Data extracted from a collection:
---*---

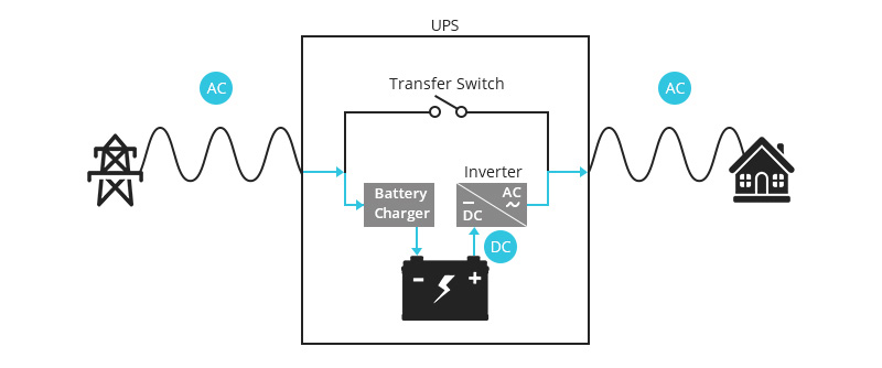UPS refers to uninterrupted power supply. A UPS is a hardware device that provides backup power source when there is a power failure of the primary power source or a significant power drop. A UPS system contains a number of components. For a basic UPS system, it contains batteries, a battery charger, an inverter and a transfer switch. In this basic UPS system, the inverter is used as the device to convert the DC to AC since the power from battery use DC current but it has to be distributed in the form of AC.
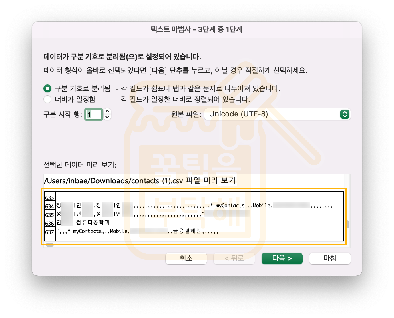 3. 다음 "텍스트 마법사" 창이 나타나면 먼저 [구분 기호로 분리됨]을 선택하고 "원본파일"에서 [Unicode (UTF-8)]을 선택한다. 선택이 제대로 되면 아래 이미지처럼 "미리보기" 영역에 한글이 제대로 표시된다. [다음]을 눌러 다음 단계로 넘어간다.
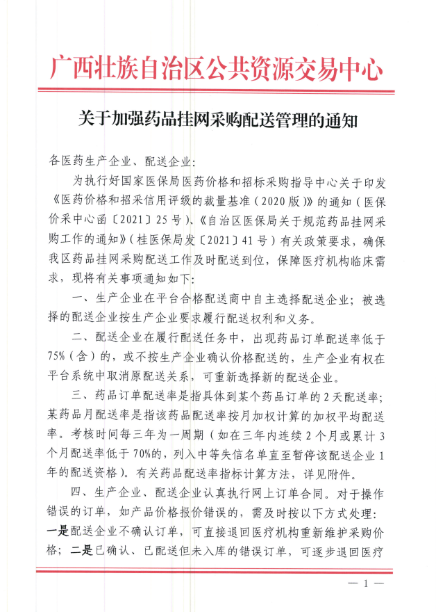 【广西】广西壮族自治区关于加强药品挂网采购配送管理的通知
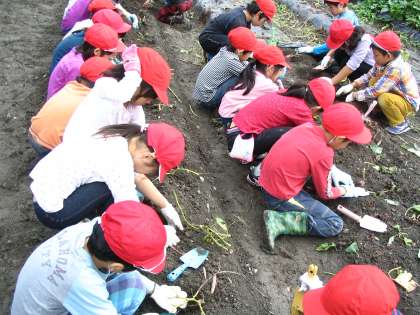 七彩の風の職員の方にいもの掘り方を教えていただき,子どもたち全員が自分のいもを掘ることができました。子どもたちは自分で掘ったいもを見て,うれしそうに笑っていました。掘ったいもは家から持って来た袋に入れて,持って帰りました。
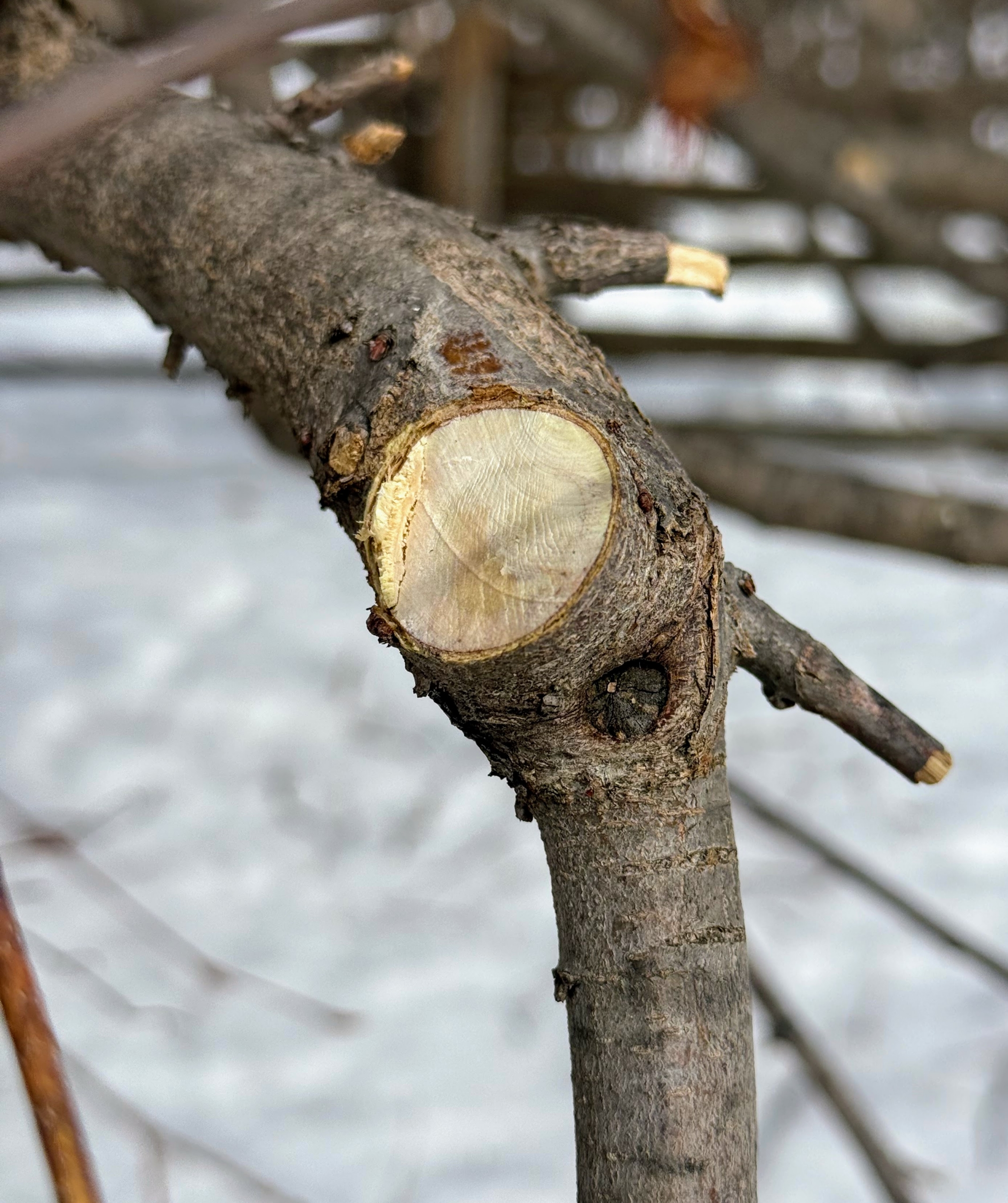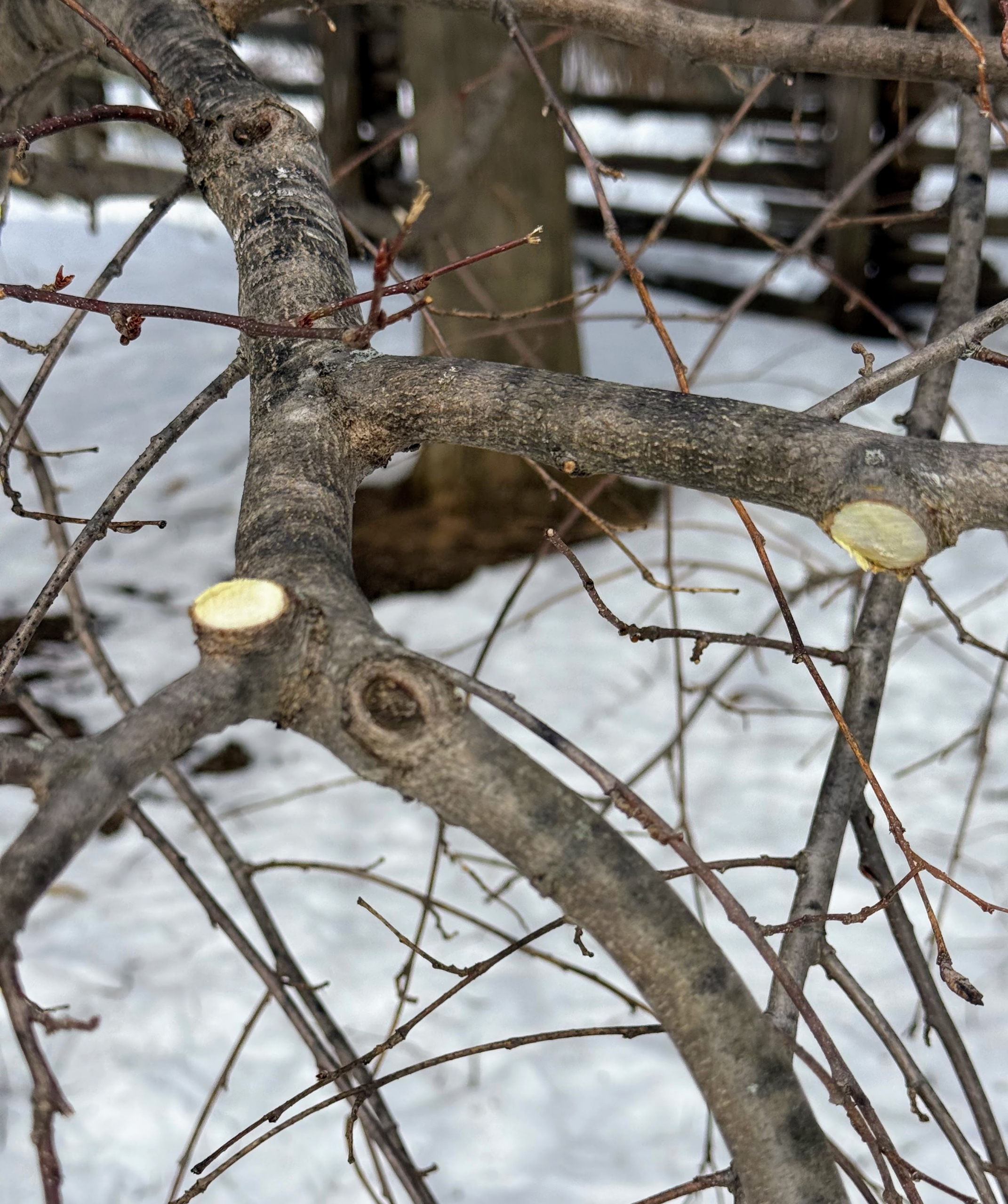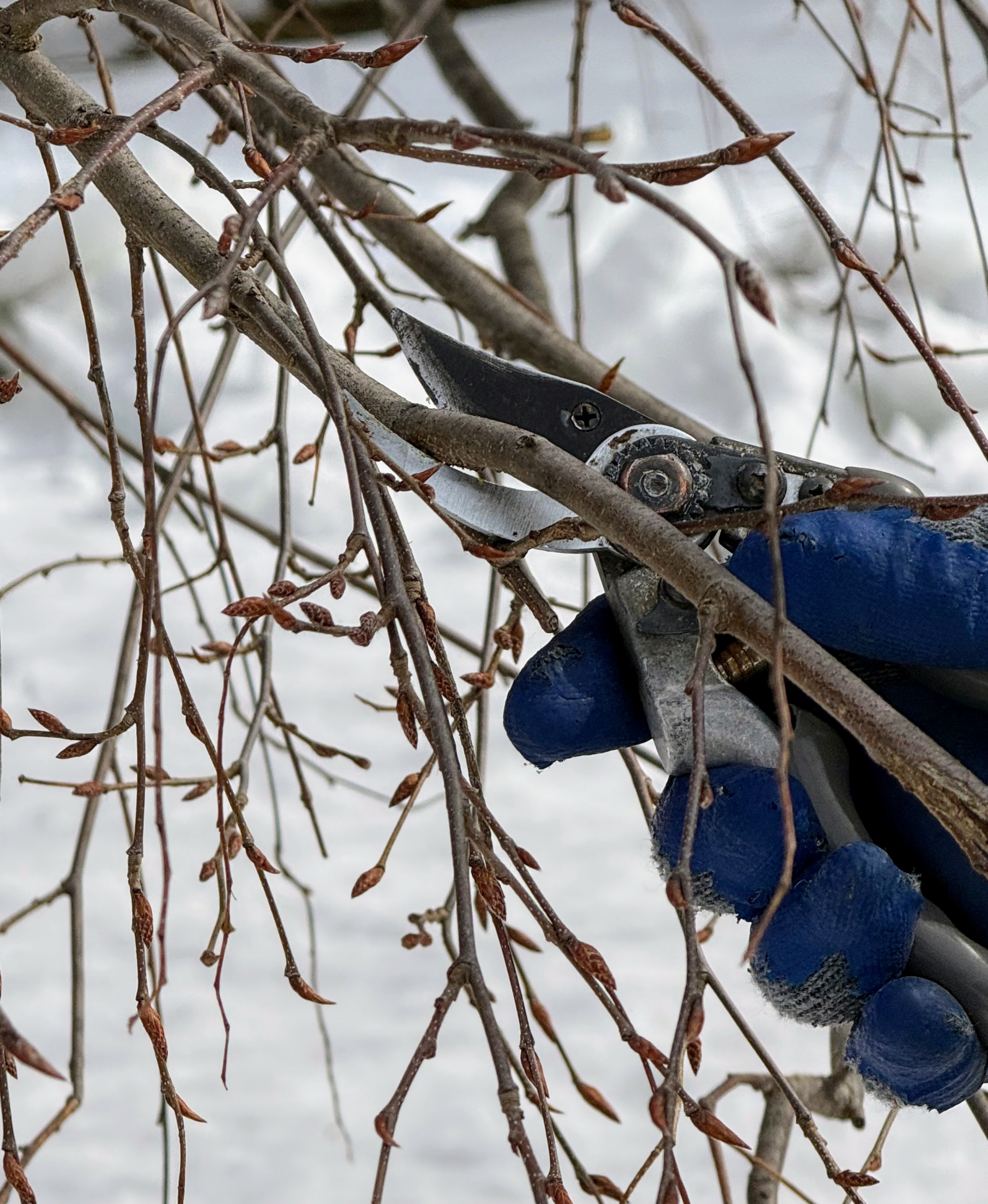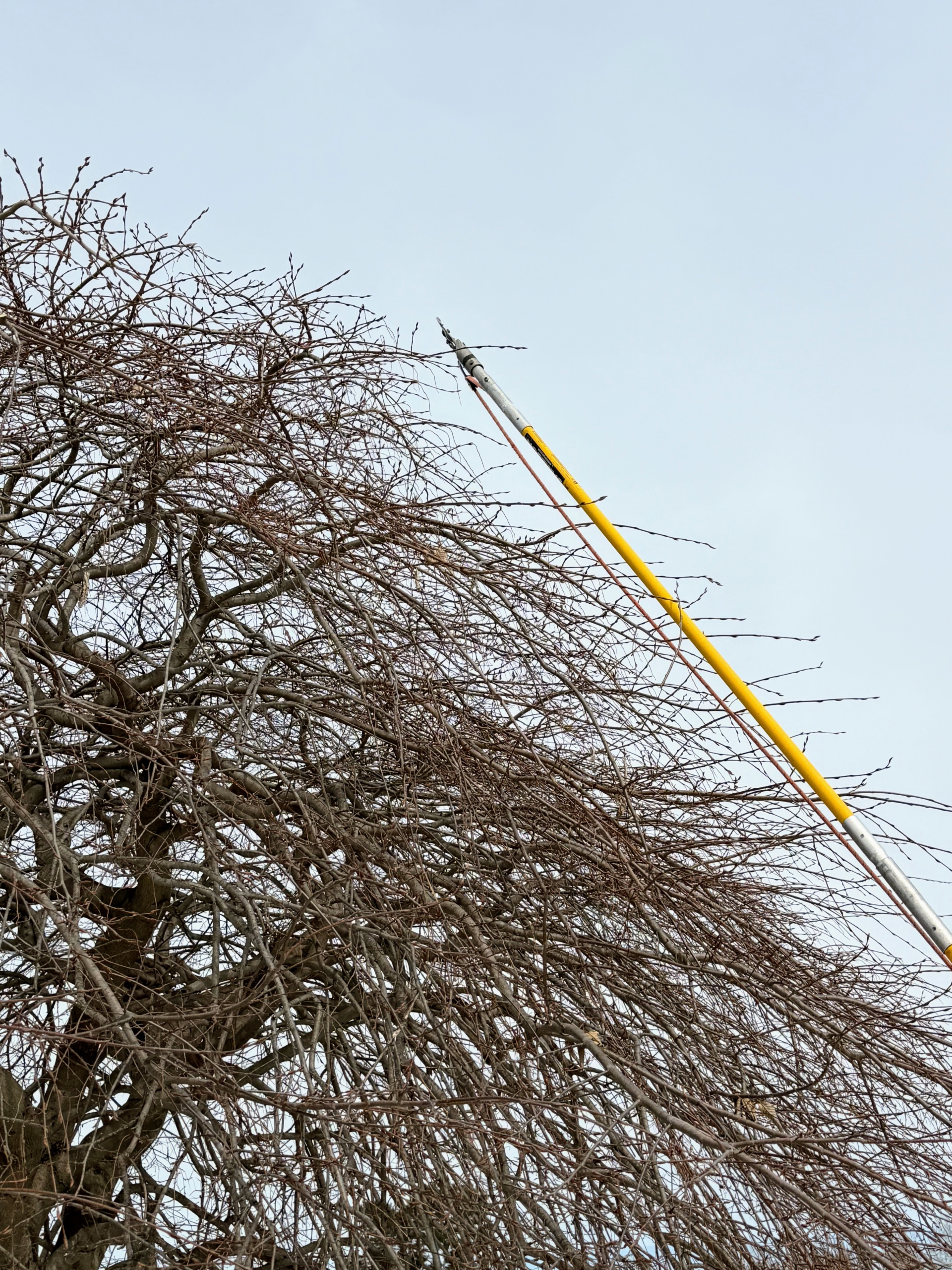 Outdoor winter chores continue at my farm with the grooming of six standard weeping hornbeams.

---*---

Reproduce the data above without a single change, please, but without its pictures.

UPS refers to uninterrupted power supply. A UPS is a hardware device that provides backup power source when there is a power failure of the primary power source or a significant power drop. A UPS system contains a number of components. For a basic UPS system, it contains batteries, a battery charger, an inverter and a transfer switch. In this basic UPS system, the inverter is used as the device to convert the DC to AC since the power from battery use DC current but it has to be distributed in the form of AC.
 3. 다음 "텍스트 마법사" 창이 나타나면 먼저 [구분 기호로 분리됨]을 선택하고 "원본파일"에서 [Unicode (UTF-8)]을 선택한다. 선택이 제대로 되면 아래 이미지처럼 "미리보기" 영역에 한글이 제대로 표시된다. [다음]을 눌러 다음 단계로 넘어간다.
 【广西】广西壮族自治区关于加强药品挂网采购配送管理的通知
 七彩の風の職員の方にいもの掘り方を教えていただき,子どもたち全員が自分のいもを掘ることができました。子どもたちは自分で掘ったいもを見て,うれしそうに笑っていました。掘ったいもは家から持って来た袋に入れて,持って帰りました。
 Outdoor winter chores continue at my farm with the grooming of six standard weeping hornbeams.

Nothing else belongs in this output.